Itinerary curated by

Carmen Espegel

Professor of Architectural Projects at the School of Architecture of the Polytechnic University of Madrid. Her research focuses mainly on the field of housing, women in architecture and architectural criticism. She directs the Collective Housing Research Group GIVCO. At the academic level, she has taught in Italy, the United States, Belgium, Holland, Mexico, Brazil and Argentina, both at undergraduate and postgraduate level. Her critical thinking is reflected in books, notably: Carmen Espegel. Textos Críticos (2022), Atlas de los Poblados Dirigidos (2021), Donne Architetto nel Movimento Moderno (2021), Women Architects in the Modern Movement (2018), Aires Modernos, E.1027: Maison en bord de mer de Eileen Gray y Jean Badovici (2010) and Heroínas del espacio (2008).

José María de Lapuerta

Professor of Architectural Projects at the Escuela Técnica Superior de Arquitectura of the Universidad Politécnica de Madrid, director and coordinator of Doctorate courses and the Master's Degree in Collective Housing.
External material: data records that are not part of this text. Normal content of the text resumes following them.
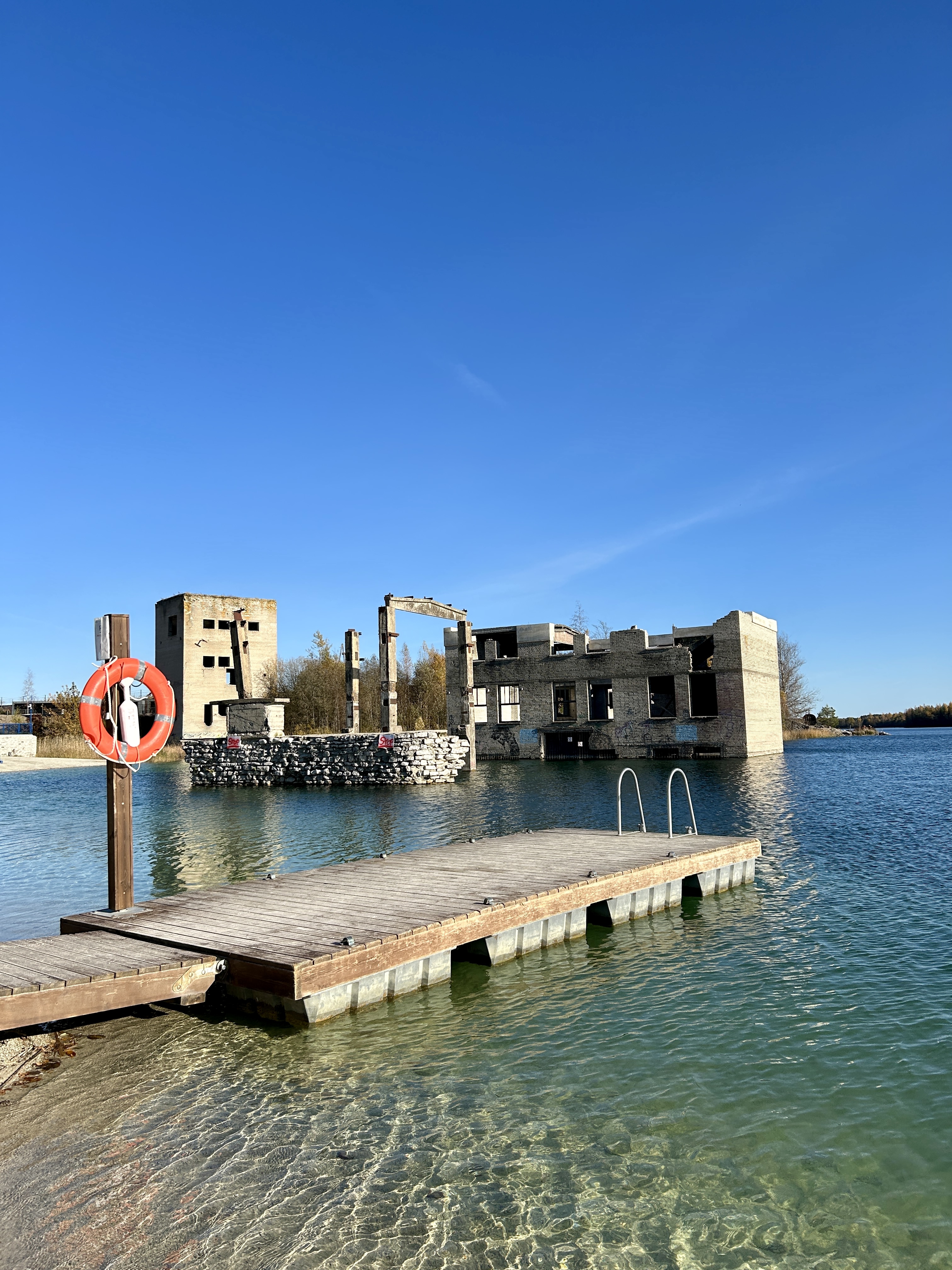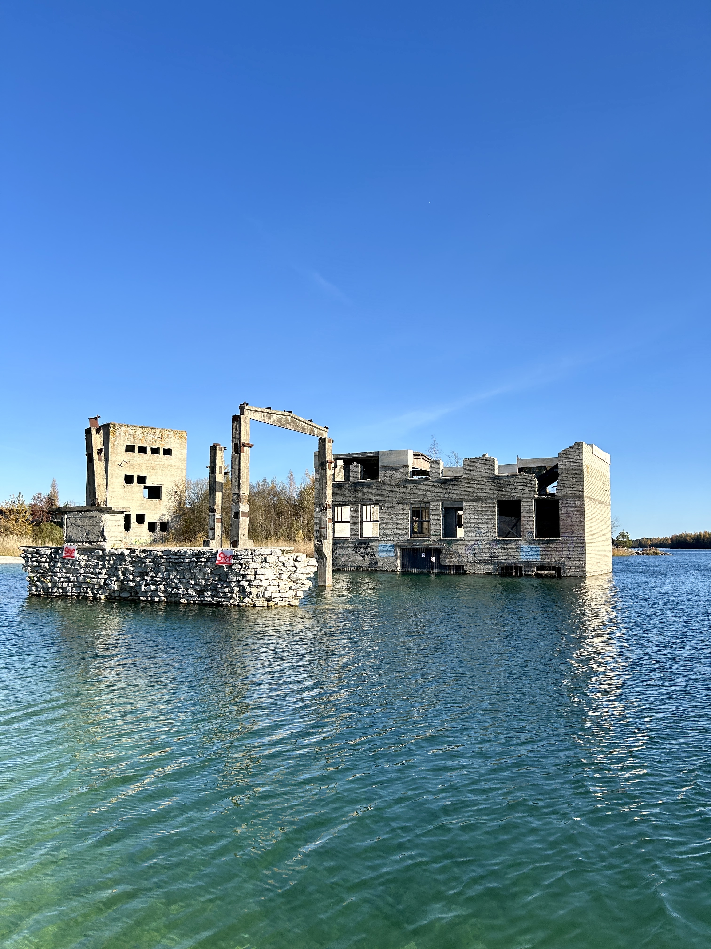 The quarry filled with water in the 1990s and there are various stories as to why. Some think an excavator dug a water channel, or that there was a power outage and the pumps stopped, there are even thoughts that the electricity bill was unpaid and the electricity turned off. Other suggestions involve the pumps breaking down. The quarry filled with water practically over one weekend and there was nothing left to save. The mine’s buildings, heavy machinery and trees were submerged. When the prison closed in 2013 it became an exciting destination to visit to swim and dive.
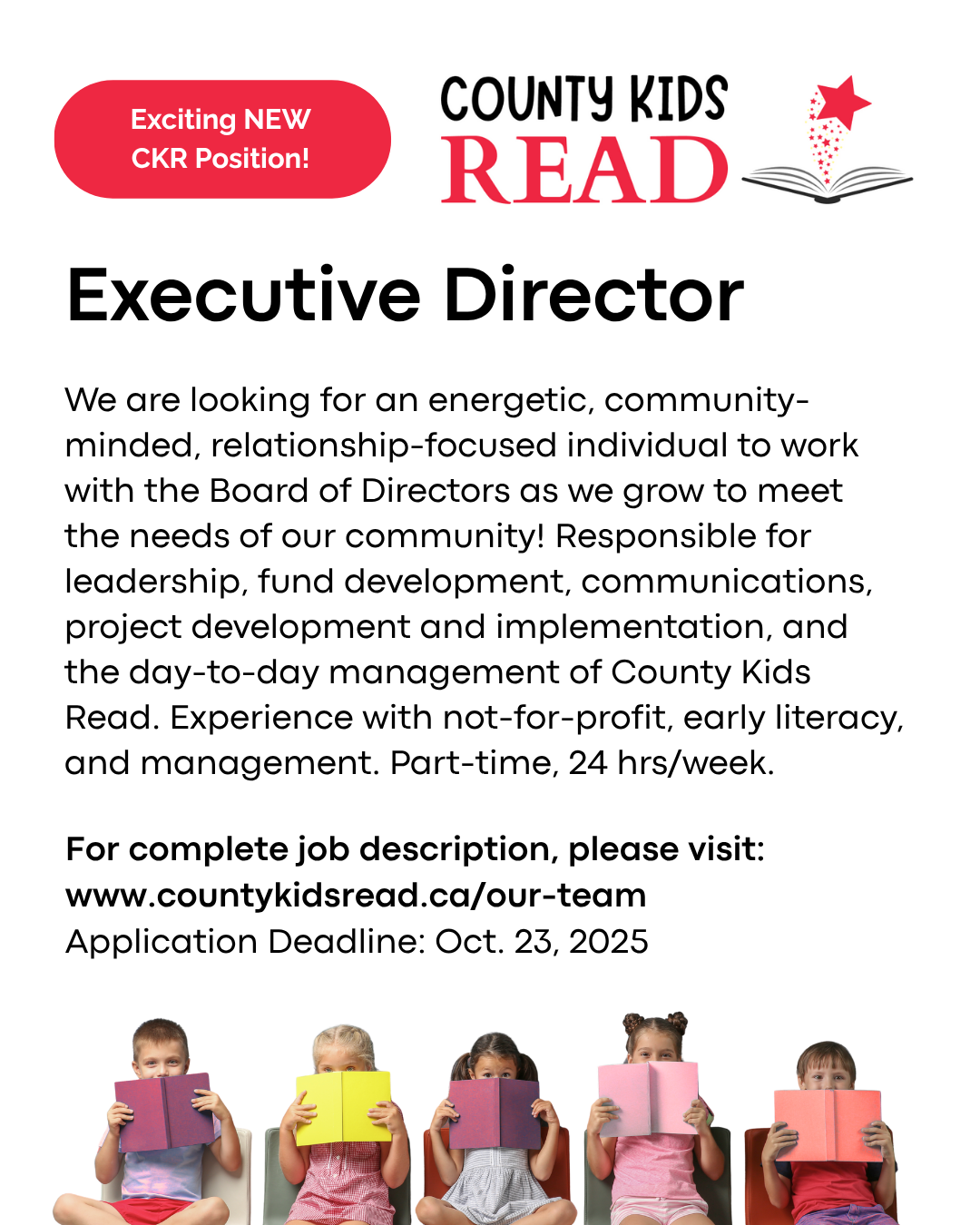 Resumes and cover letters should be submitted to Greg Bay at greg@countykidsread.ca.
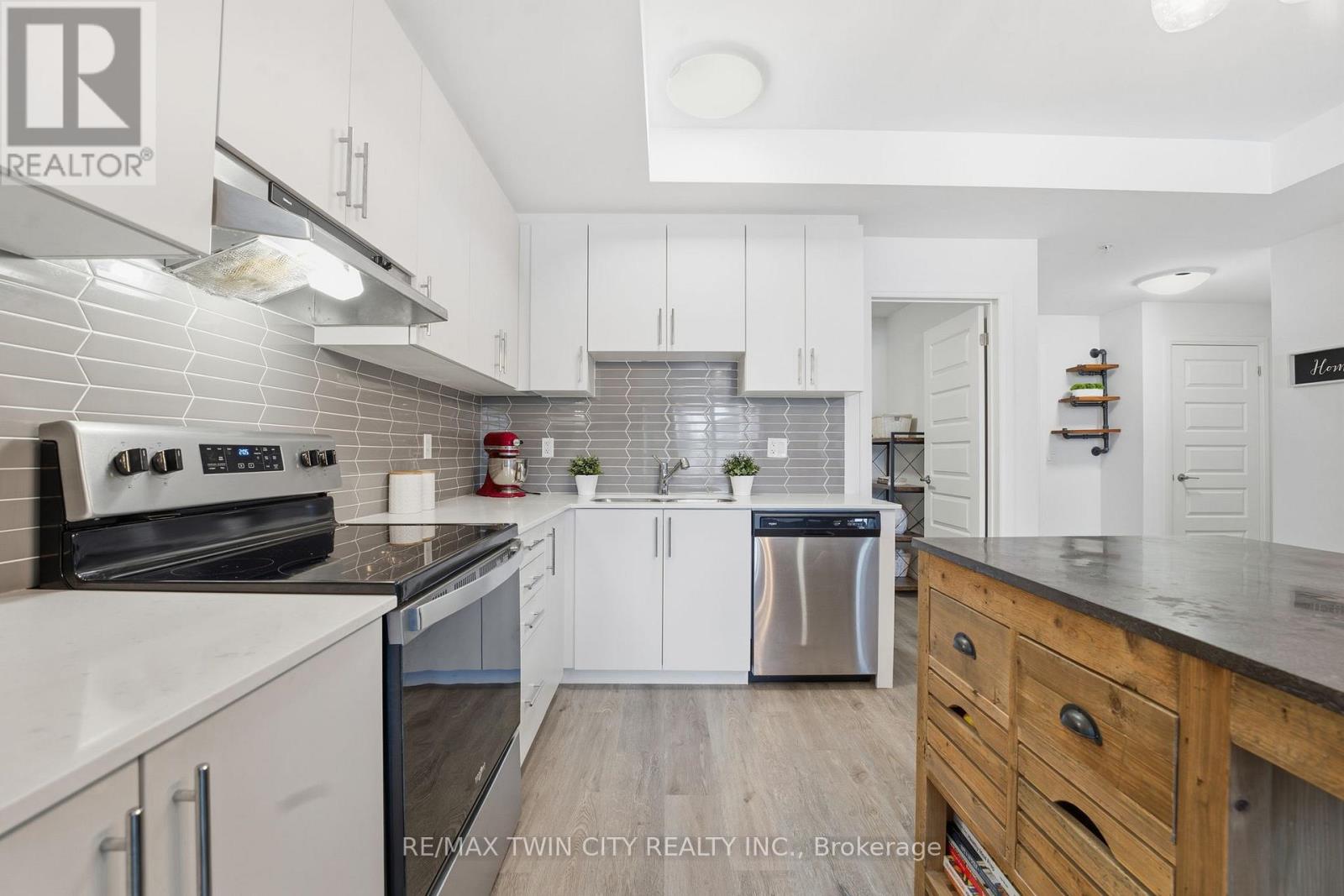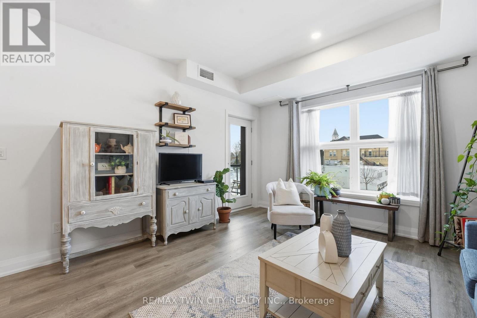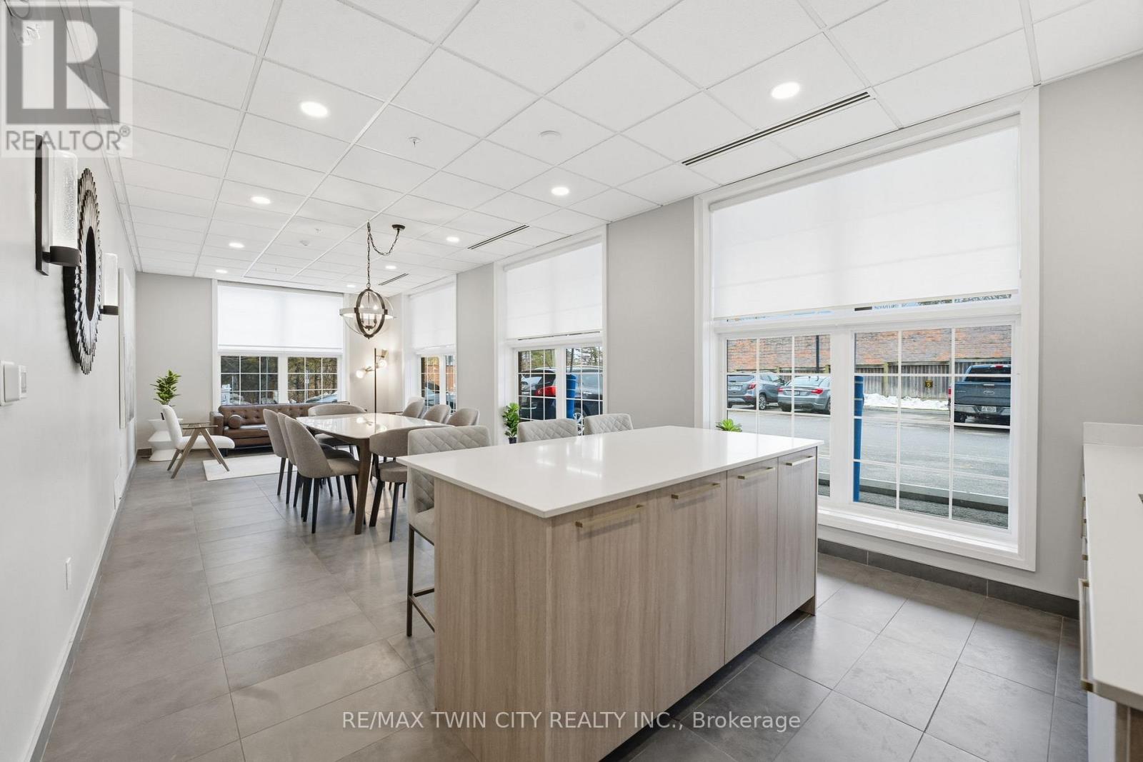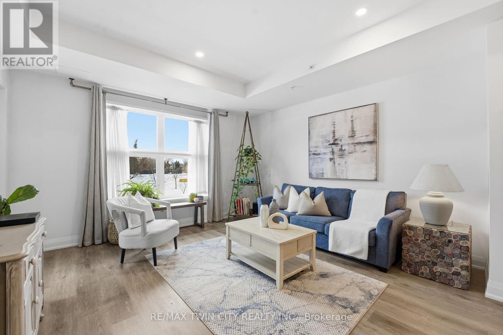 Welcome to condo living in Ayr at Piper's Grove! This modern mid-rise community offers an ideal opportunity for first-time buyers, downsizers, or savvy investors looking for a low-maintenance lifestyle in a growing, well-connected town. This bright and spacious suite features 1 bedroom plus a versatile den, 1 bathroom, and 885 sq ft of thoughtfully designed living space, along with a private 84 sq ft balcony - perfect for enjoying your morning coffee or unwinding at the end of the day. The open-concept kitchen, dining, and living area is flooded with natural light and showcases contemporary finishes throughout. The kitchen is both stylish and functional, featuring sleek white cabinetry extending to the ceiling, a neutral backsplash, quartz countertops and a striking designer lighting over the dining area. The primary bedroom offers convenient access to the 4-piece bathroom, creating a comfortable and efficient layout. Additional highlights include luxury vinyl plank flooring throughout and in-suite laundry for everyday convenience. Residents enjoy a secure building entrance with intercom system, as well as a welcoming main-level amenity room complete with a kitchenette and washroom - ideal for gatherings or entertaining. One parking space is included. Located at the end of Gibson Street in downtown Ayr, Piper's Grove is just steps from parks and walking trails and offers easy access to Cambridge, Kitchener, Paris, Brantford, and Woodstock. Combining modern finishes, smart design, and a friendly community atmosphere, this is condo living at its best. (id:51300)
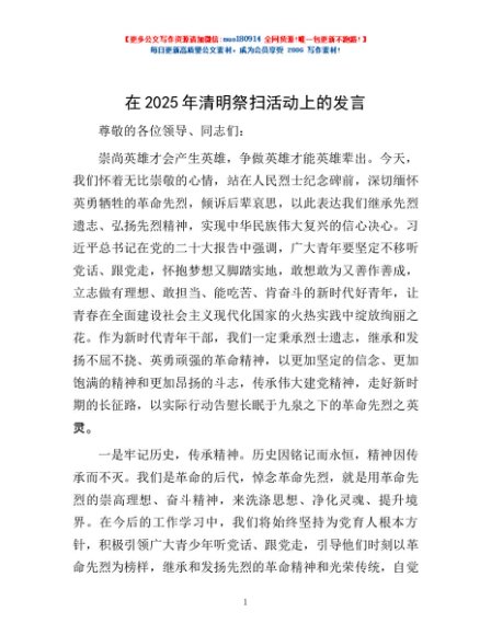 / 在2025年清明祭扫活动上的发言
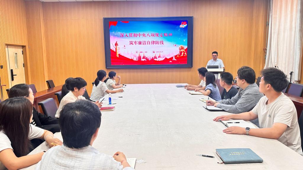 党委副书记、纪委书记李勇同志带领党支部全体党员重温“中央关于改进工作作风、密切联系群众的八项规定”并对其进行了深入的解读和阐释。通过结合具体案例,让党员们深刻理解廉洁自律的重要性。
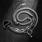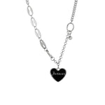 Trendy Long Titanium Steel Heart Shaped Necklace For Women Simple Style Black Letter Love Lockbone Chain Accessory Hot Girl
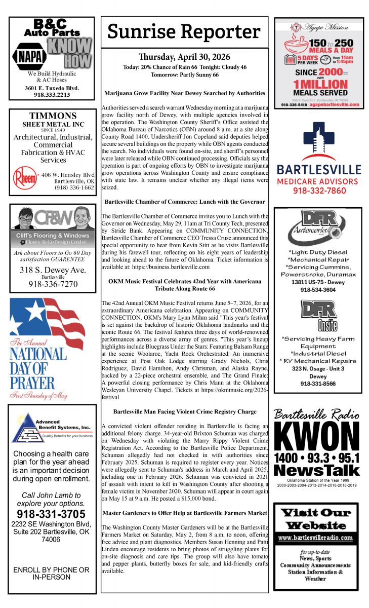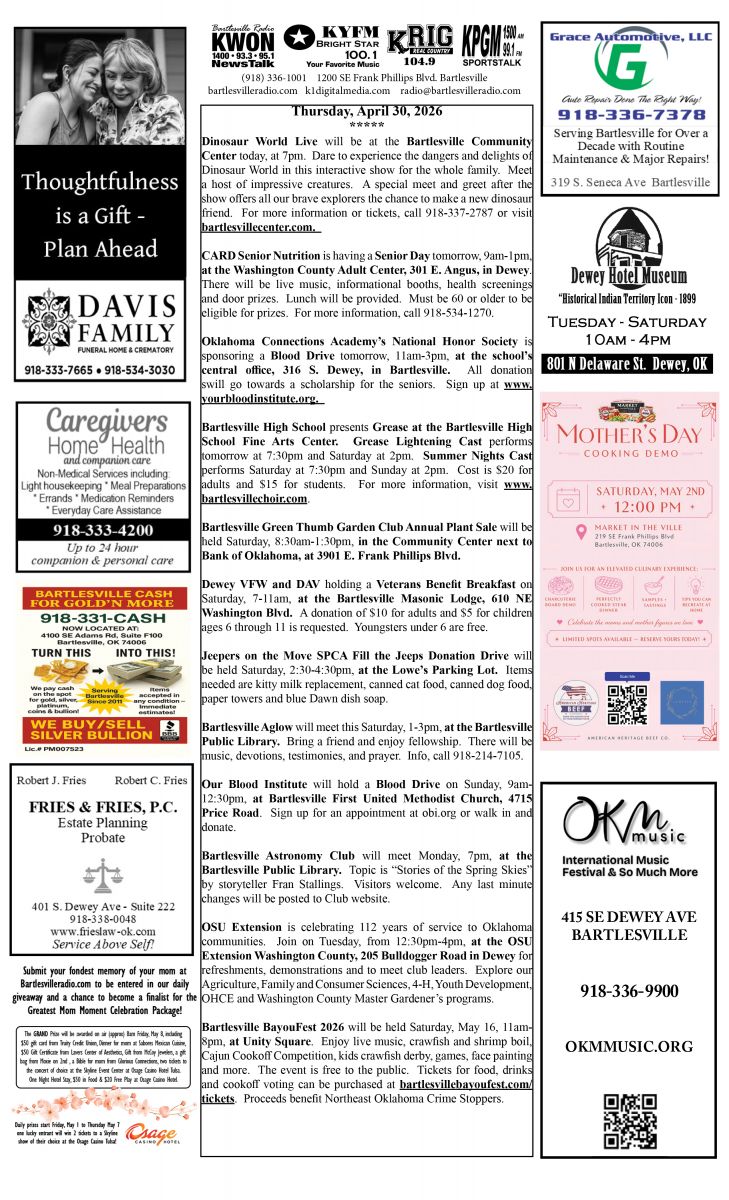 Bartlesville Radio: The area’s best source for news, weather and sports!

He has been an 'ad honorem' guest lecturer at various universities in Europe and South America. Among the prizes received for his research activity, the XII Burdinola Prize stands out. As author or co-author of numerous publications, he has been particularly interested in certain topics such as housing and climate or collective housing. Among them, the book 'Penshirubiru: the limit of collective housing in Japan' stands out. He is also a founding partner of the studio De Lapuerta Campo Arquitectos Asociados and his works have been published and awarded on various platforms.

Andrés Cánovas

Profesor titular en la Escuela Técnica Superior de Arquitectura de la Universidad Politécnica de Madrid, donde ejerce de Director del Departamento de Proyectos Arquitectónicos. Es profesor externo de la Facultad de Arquitectura de Roma TRE y ha sido profesor investigador de la Facultad de Arquitectura de la Sapienza de Roma, así como profesor invitado en más de cincuenta universidades nacionales e internacionales. Se asocia en 1987 con Atxu Amann y Nicolás Maruri, siendo galardonados en más de setenta concursos de ideas y habiendo recibido más de setenta premios internacionales y nacionales. En 2012 reciben el Premio Nacional de Restauración y Conservación de Bienes Culturales por su trabajo en “El Molinete” de Cartagena, ganando en 2013 el premio Luis Moreno Mansilla por el mismo proyecto, seleccionado también para el Premio Mies de la Unión Europea en dos ocasiones.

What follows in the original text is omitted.